(Source records)
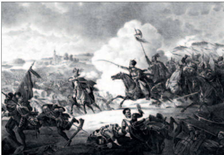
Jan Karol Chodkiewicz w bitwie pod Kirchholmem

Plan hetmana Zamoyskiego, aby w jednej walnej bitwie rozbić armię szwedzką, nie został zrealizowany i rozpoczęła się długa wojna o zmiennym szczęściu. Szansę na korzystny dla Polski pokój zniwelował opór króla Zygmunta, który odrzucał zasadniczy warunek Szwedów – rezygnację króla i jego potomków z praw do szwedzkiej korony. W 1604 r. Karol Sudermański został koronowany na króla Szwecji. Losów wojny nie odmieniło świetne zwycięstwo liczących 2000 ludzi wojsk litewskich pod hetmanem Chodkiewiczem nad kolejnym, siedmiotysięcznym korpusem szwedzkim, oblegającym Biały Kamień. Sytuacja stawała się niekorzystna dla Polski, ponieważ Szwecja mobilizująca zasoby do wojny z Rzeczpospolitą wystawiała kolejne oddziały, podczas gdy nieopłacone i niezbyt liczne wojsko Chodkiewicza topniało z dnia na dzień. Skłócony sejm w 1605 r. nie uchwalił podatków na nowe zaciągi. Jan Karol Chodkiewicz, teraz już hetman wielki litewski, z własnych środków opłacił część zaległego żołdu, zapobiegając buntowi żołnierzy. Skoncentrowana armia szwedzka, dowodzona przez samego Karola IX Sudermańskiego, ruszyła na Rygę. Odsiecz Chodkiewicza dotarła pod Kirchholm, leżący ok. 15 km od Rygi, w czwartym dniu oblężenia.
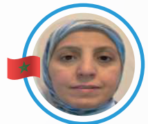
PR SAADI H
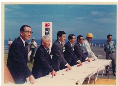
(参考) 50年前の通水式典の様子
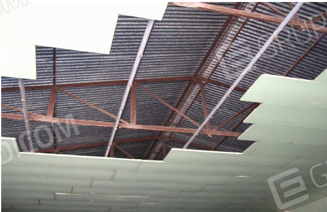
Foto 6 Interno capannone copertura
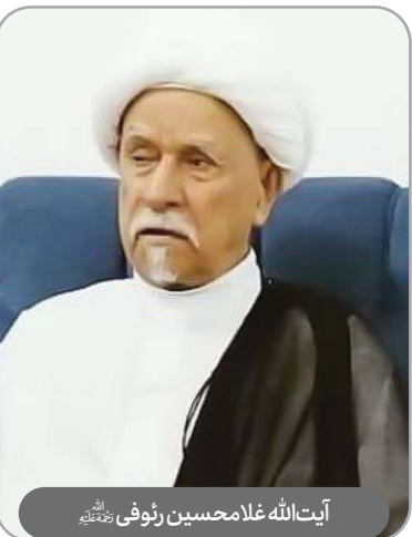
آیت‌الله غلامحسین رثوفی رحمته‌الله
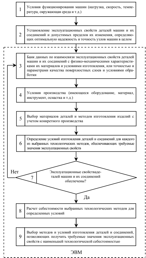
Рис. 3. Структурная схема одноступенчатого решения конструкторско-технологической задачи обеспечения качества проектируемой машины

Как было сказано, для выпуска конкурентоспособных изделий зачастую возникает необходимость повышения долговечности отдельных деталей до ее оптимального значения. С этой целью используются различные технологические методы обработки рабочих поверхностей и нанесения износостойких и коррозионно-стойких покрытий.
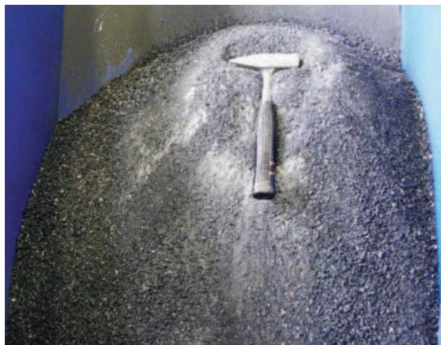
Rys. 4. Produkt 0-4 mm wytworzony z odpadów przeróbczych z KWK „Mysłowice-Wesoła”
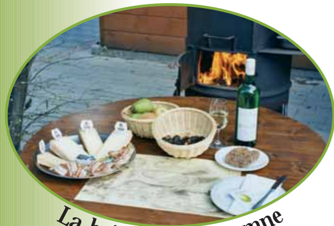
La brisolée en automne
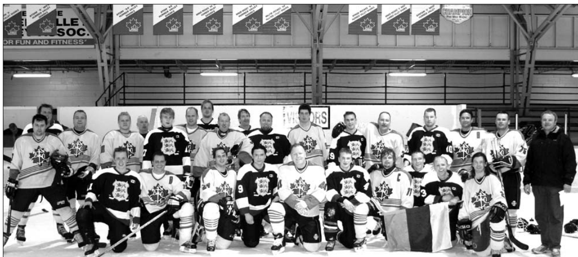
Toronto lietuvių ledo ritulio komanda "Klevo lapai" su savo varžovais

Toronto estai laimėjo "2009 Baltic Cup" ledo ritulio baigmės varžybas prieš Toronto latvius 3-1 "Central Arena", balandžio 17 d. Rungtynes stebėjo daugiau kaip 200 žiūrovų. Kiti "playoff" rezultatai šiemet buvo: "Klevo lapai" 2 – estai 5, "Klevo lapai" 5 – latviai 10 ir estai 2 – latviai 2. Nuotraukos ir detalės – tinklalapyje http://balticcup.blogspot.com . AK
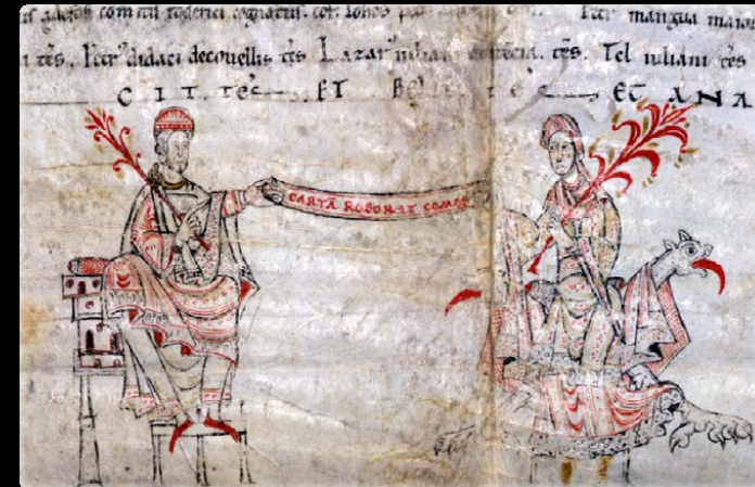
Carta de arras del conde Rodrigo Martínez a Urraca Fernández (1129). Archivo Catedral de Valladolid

TASK ITEM -
Would you restate, exactly and with no pictures, the lines of the entries above from the one containing "Rys. 4. Produkt" through the one containing "Toronto estai laimėjo"?

RESPONSE -
Rys. 4. Produkt 0-4 mm wytworzony z odpadów przeróbczych z KWK „Mysłowice-Wesoła”
La brisolée en automne
Toronto lietuvių ledo ritulio komanda "Klevo lapai" su savo varžovais

Toronto estai laimėjo "2009 Baltic Cup" ledo ritulio baigmės varžybas prieš Toronto latvius 3-1 "Central Arena", balandžio 17 d. Rungtynes stebėjo daugiau kaip 200 žiūrovų. Kiti "playoff" rezultatai šiemet buvo: "Klevo lapai" 2 – estai 5, "Klevo lapai" 5 – latviai 10 ir estai 2 – latviai 2. Nuotraukos ir detalės – tinklalapyje http://balticcup.blogspot.com . AK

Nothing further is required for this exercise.